Jesus Christ Superstar and Popular Songs of the 16th century

Here’s an interesting one submitted by a reader – a parody to the title song from Jesus Christ: Superstar. The first couple of lines are easy enough to sing to the tune, but after a while I imagine that there’s a tune change?  I suspect there’s a line missing here, and I’d added it into parenthesis

 The reader learned in in 1980 from a cousin who lived in Bakersfield, CA:

Jesus Christ: Superstar
streaking down the hill on a Yamaha
The cops were there
they didn’t care
they wore bulletproof underwear
if I die, (bury me)
hang my balls on a cherry tree
if they fall
catch them all
send them all to juvenile hall 
if the judge
says they smell
tell them that he can go to hell

What’s interesting here to me is how many lines from other playground songs show up here; I’m reminded of the Bart Simpson line about how Christmas is a time when people of all religions come together to worship Jesus Christ. This is a rhyme where Jesus brings together lines from all sorts of songs.

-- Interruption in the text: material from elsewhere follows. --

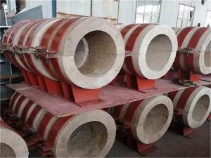 經(jīng)過多年生產(chǎn)實踐及與研究機(jī)構(gòu)的多次合作,在傳統(tǒng)絕熱材料配方的基礎(chǔ)上,開發(fā)出了以多種硅酸鹽混合物為基礎(chǔ)骨架原料,配以輔料,經(jīng)過嚴(yán)格的配比混合靜壓成型烘干檢驗等多道工藝加工而成。成型后的絕熱材料具備硬度高、強(qiáng)度好、導(dǎo)熱系數(shù)小等特點(diǎn)。隔熱管托可分為多種形式,如滑動管托,固定管托,以及導(dǎo)向管托。對于滑動管托來說,底座與管托之間的摩擦系數(shù)也是影響管托參數(shù)的一個重要性能指標(biāo)。采用不銹鋼板改性聚四氟乙烯板相接觸;這樣做的目的是大可能減少了管托與底部滑動板之間的摩擦。隔熱管托一般安裝于室外化工管廊上,工作環(huán)境中除有常規(guī)的大氣腐蝕外,還伴有少量的化學(xué)物質(zhì)腐蝕。若管托外部不采取特種防腐處理措施,往往使用一年下來其外表就銹跡斑斑。

First of all, we’ve got the “streaking down the hill in a yamaha” bit, which reminds me of an occasionally-heard rhyme (traced back to about the 60s and appearing on of Bruce Sprinsteen’s spiral-bound notebooks from when he was writing Darkness on the Edge of Town):

Mine eyes have seen the glory of the coming of the lord
he is tearing down the highway in a black and yellow Ford

Then there’s the old: “When I die, bury me / hang my balls on a cherry tree.”  This one comes up in many rhymes, perhaps most commonly in Abe Lincoln Was a Good Old Man.  This connects it to much older rhymes, including an old folk/blues song known as “When I Die,” which is included in a couple of early 20th century collections of such:

The Journal of American Folklore collected one like this from “mountain whites” in Tennessee in 1907:

When I die, bury me a tall
soak my body in alcohol
When I die, bury me deep
put a quart of liquor at my head and my feet

The same source traced another version to “Mississippi negroes” in 1908:

When I die, don’t bury my at all
preserve my bones in alcohol

Another version collected from a similar source (“Mississippi negroes”) around the same time went:

When I die, bury me deep
tell the gamblers I’ve gone to sleep
put a pair of bones in my right hand
and i’ll throw seven in the promised land.

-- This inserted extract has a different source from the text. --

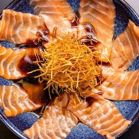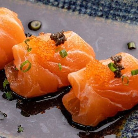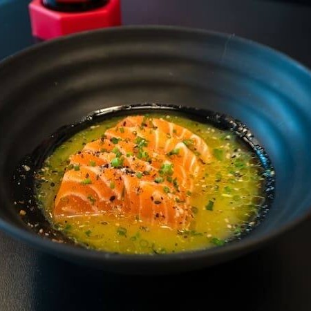 5 lâminas de sashimi de salmão, acompanhadas de emulsão de laranja, azeite, wasabi e sal.

A similar version collected in Alabama in 1915 was the same as the above, with “bottle of booze at my feet” substituting for the second line.

You see variations on this in lots of blues songs, “Dying Crapshooter’s Blues” by Blind Willie McTell comes right to mind (and I think he himself said he stole from all sorts of sources to make that song, which, itself, was similar to “St. James Infirmary Blues,” which itself grew out of even older songs like “The Unfortunate Rake,” “Streets of Laredo,” etc).  So what we’ve got here is basically a progression of a 16th century British ballad growing into a playground rhyme sung to the tune of Andrew Lloyd Weber.

There are entire books about how these particular songs grow into each other, including a couple at the right:

Now, it’s easy to make the inference here, based on the above examples, that despite the dates, the “negro” version came first, as “bury me a tall” is clearly a corruption of “don’t bury me at all.” However, figuring out which came first, and who’s appropriating from who, is just about impossible in these things. Those 19th/20th century folk and blues songs are just about the perfect example of a pure hybrid, as African rhythms mixed with European melodies. Since Pete Seeger died the other day, it seems like as good as time as any to mention that in 2000 I interviewed him over the phone on a radio show (my co-host, who’d been active in the folk world for ages, had his home phone number), and he said something about how the upside of our country’s abominable racial history is that it gave us this hybrid music: “Sometimes the call it rock, sometimes they call it folk, or gospel, or blues, or jazz….”

Anyway…anyone else know this one?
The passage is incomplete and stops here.